La 3ème série a pour sous-titre Revue mensuelle d'Études ésotériques, psychiques et divinatoires et comptera 56 numéros mensuels, elle paraîtra jusqu’à la veille de la Grande Guerre, le dernier numéro étant le n° 56 de août 1914. Chaque numéro comprendra 24 pages (50 centimes le numéro et 5 francs l’abonnement annuel), puis 48 pages avec gravures à partir du numéro 37 de janvier 1913 (tarifs inchangés) et enfin 56 pages avec gravures à partir du numéro 40 d’avril 1913. Les collaborateurs sont nombreux et certains sont déjà célèbres. On peut citer ceux indiqués sur la couverture : Georges Allié, F.-Ch.
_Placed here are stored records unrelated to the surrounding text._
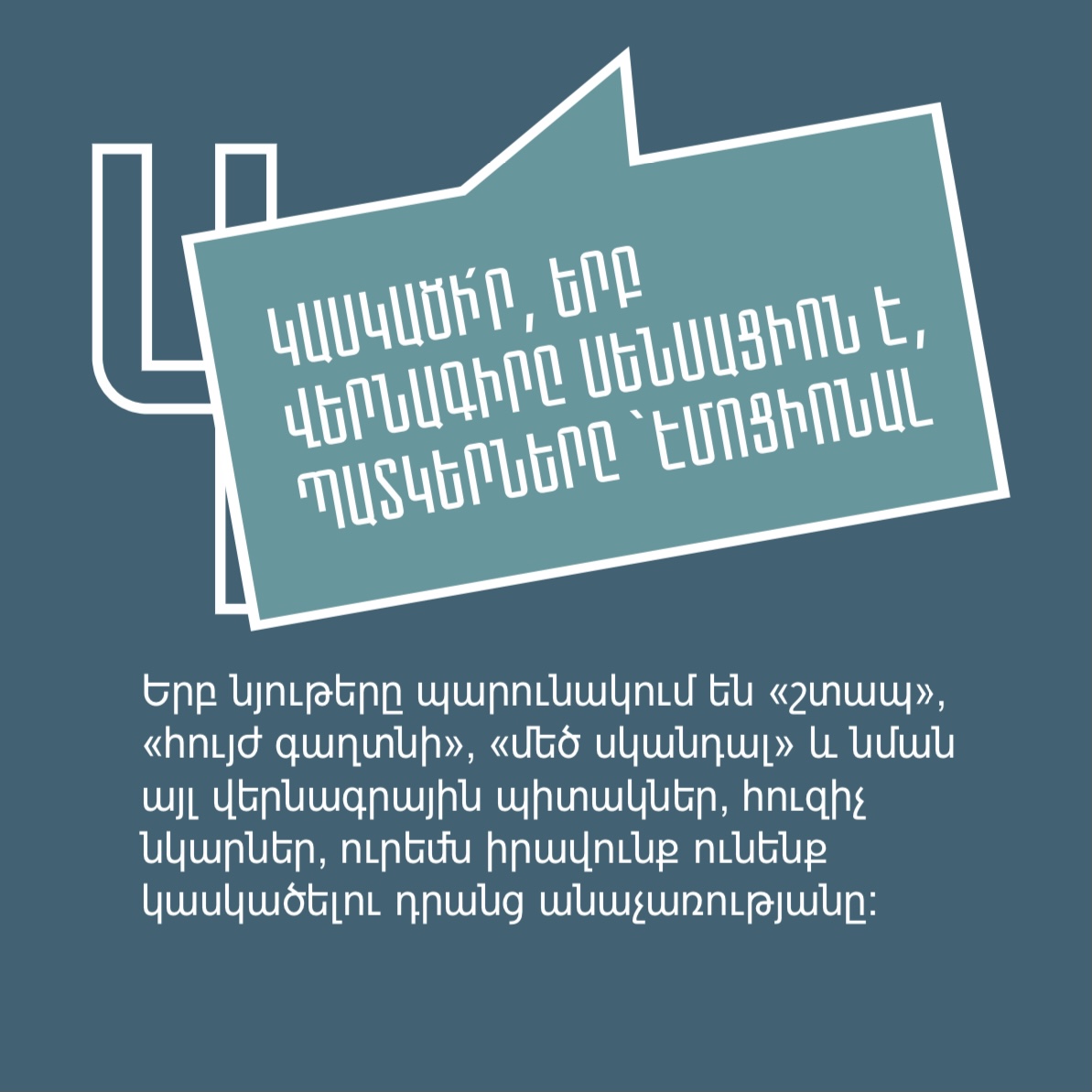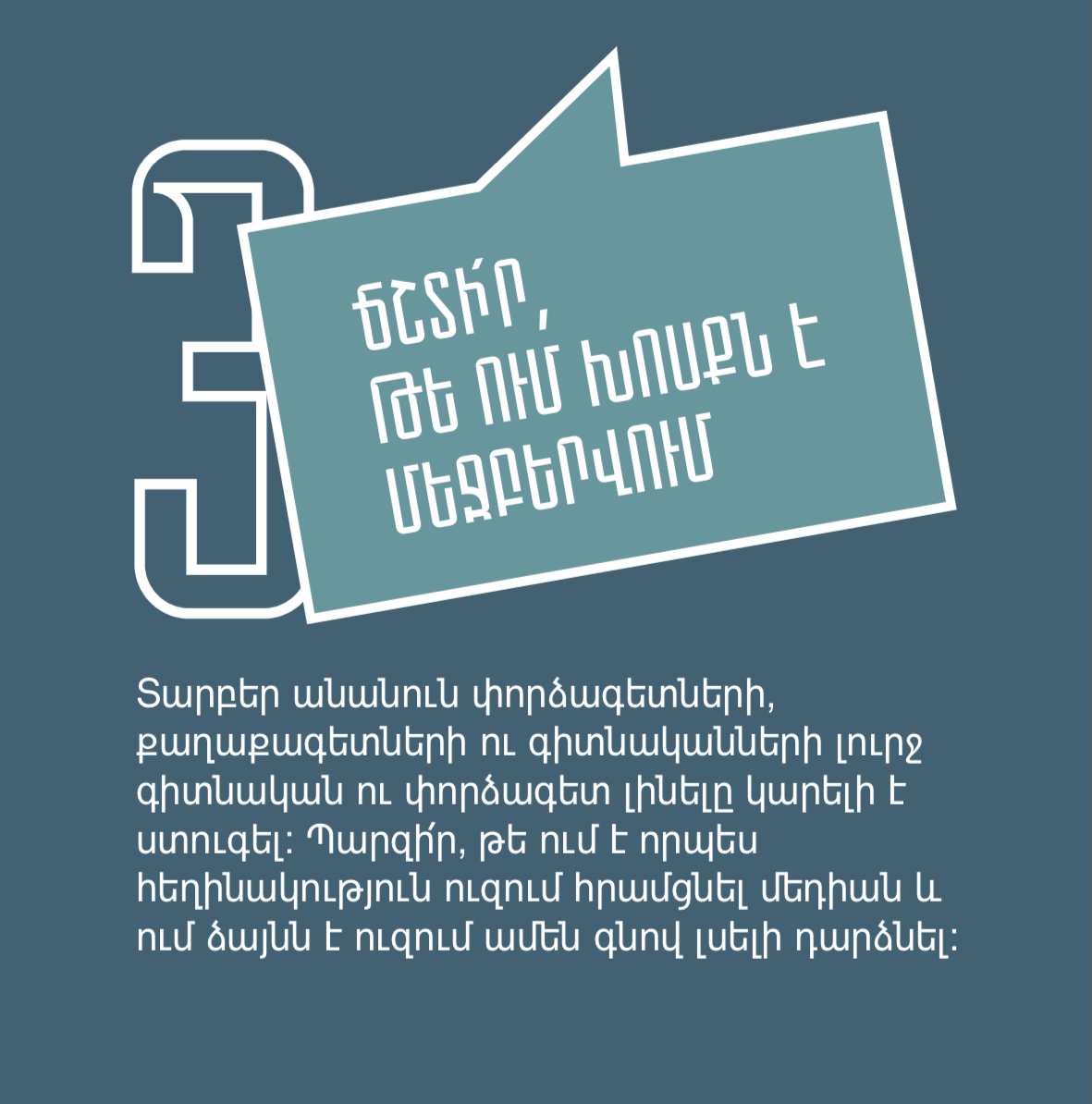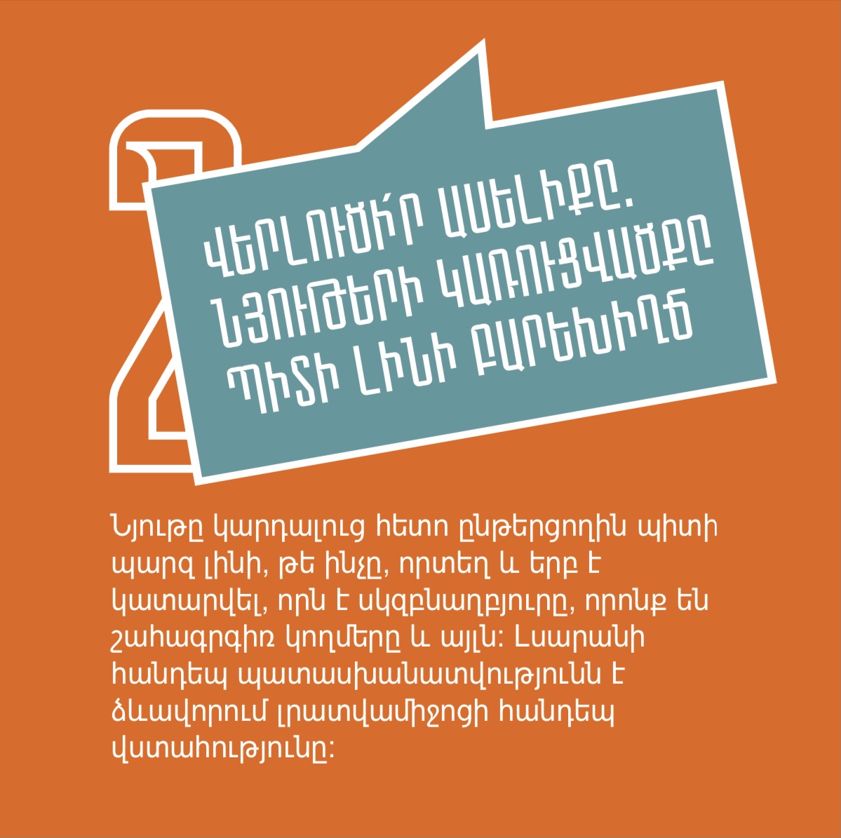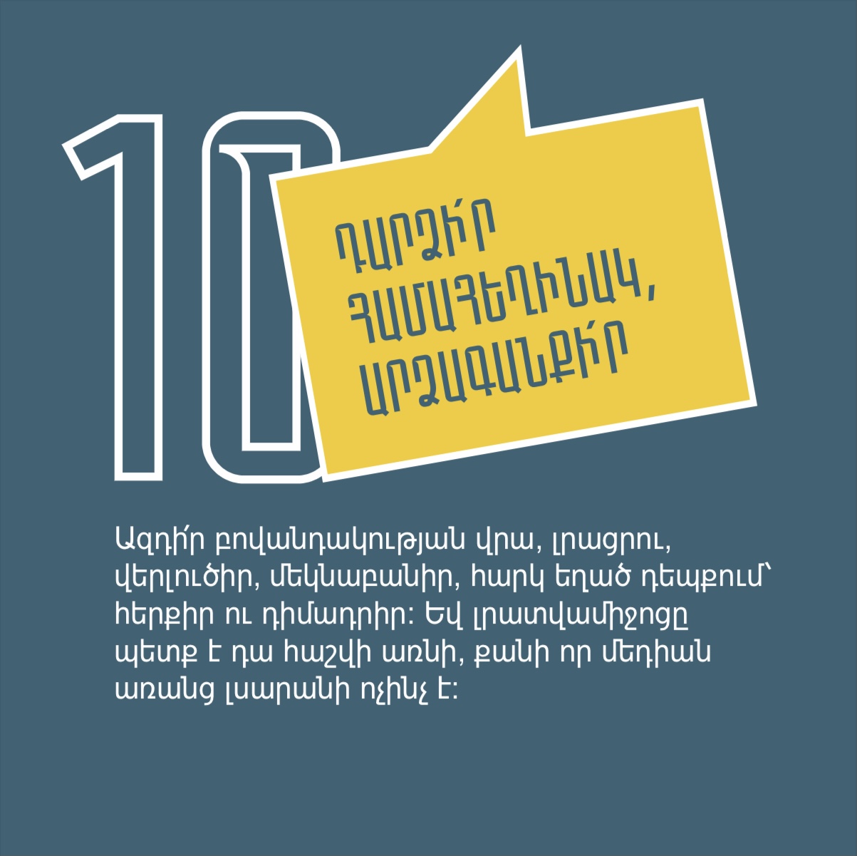 Դիմակայում ենք ապատեղեկատվությանը, լրավարակին, քարոզչությանն ու տեղեկատվական տարբեր մարտահրավերներին՝ պատվաստվելով մեդիագրագիտությամբ և կրելով այն որպես պաշտպանիչ դիմակ։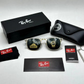 عینک آفتابی کلاب مستر ریبن reyban شیشه سنگ مشکی فریم شفاف به همراه پک کامل اورجینال RB 3016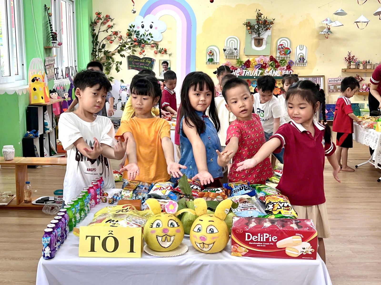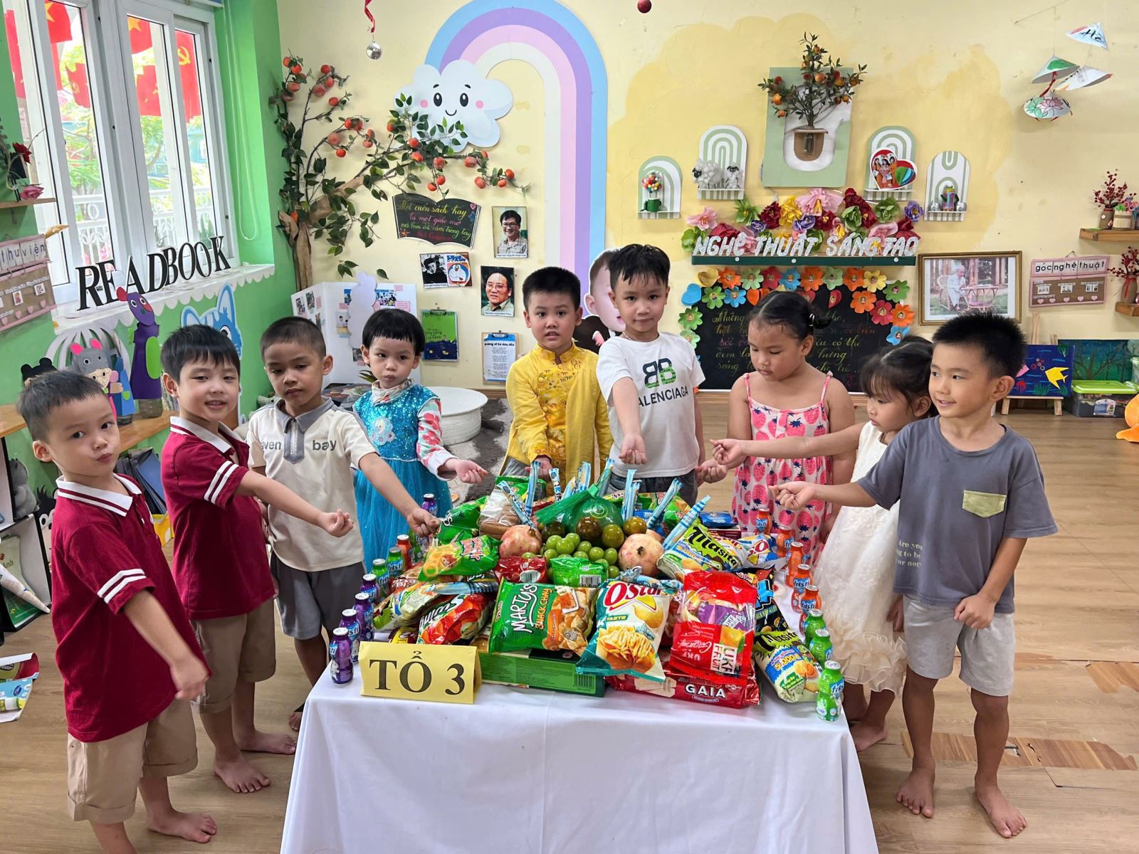 Các con cùng nhau thi bày mâm cỗ Trung Thu giữa các tổ. Mỗi mâm cỗ đều mang nét đẹp riêng, đầy ắp sự sáng tạo, khéo léo và niềm háo hức trẻ thơ. 🍎🍐🍇🍰

Barlet, Jules Bois, Ernest Bisc, Gaston Bourgeat, Jacques Brieu, R. Buchère, Léon Combes, Edmond Dacé, Debeo, Dr Gaspard, A. Gaudelette, Grillot de Givry, Abel

Haatan, Dr Marc Haven, Albert Jounet, Julevno, Kadochem, L. de Lamandie, L Le Leu, Dr Papus, Phaneg, Paul Redonnel, P. de Regla, Léon Riotor, A. de Rochetal, A. Rougier, Han Ryner, Gaubert Saint-Martial, Sédir, Ely Star, Tanibur, Tidianeuq, J. Williams, Oswald Wirth. L’administration est toujours située au 11 Quai Saint-Michel, Librairie Générale de Sciences Occultes, Bibliothèque Chacornac.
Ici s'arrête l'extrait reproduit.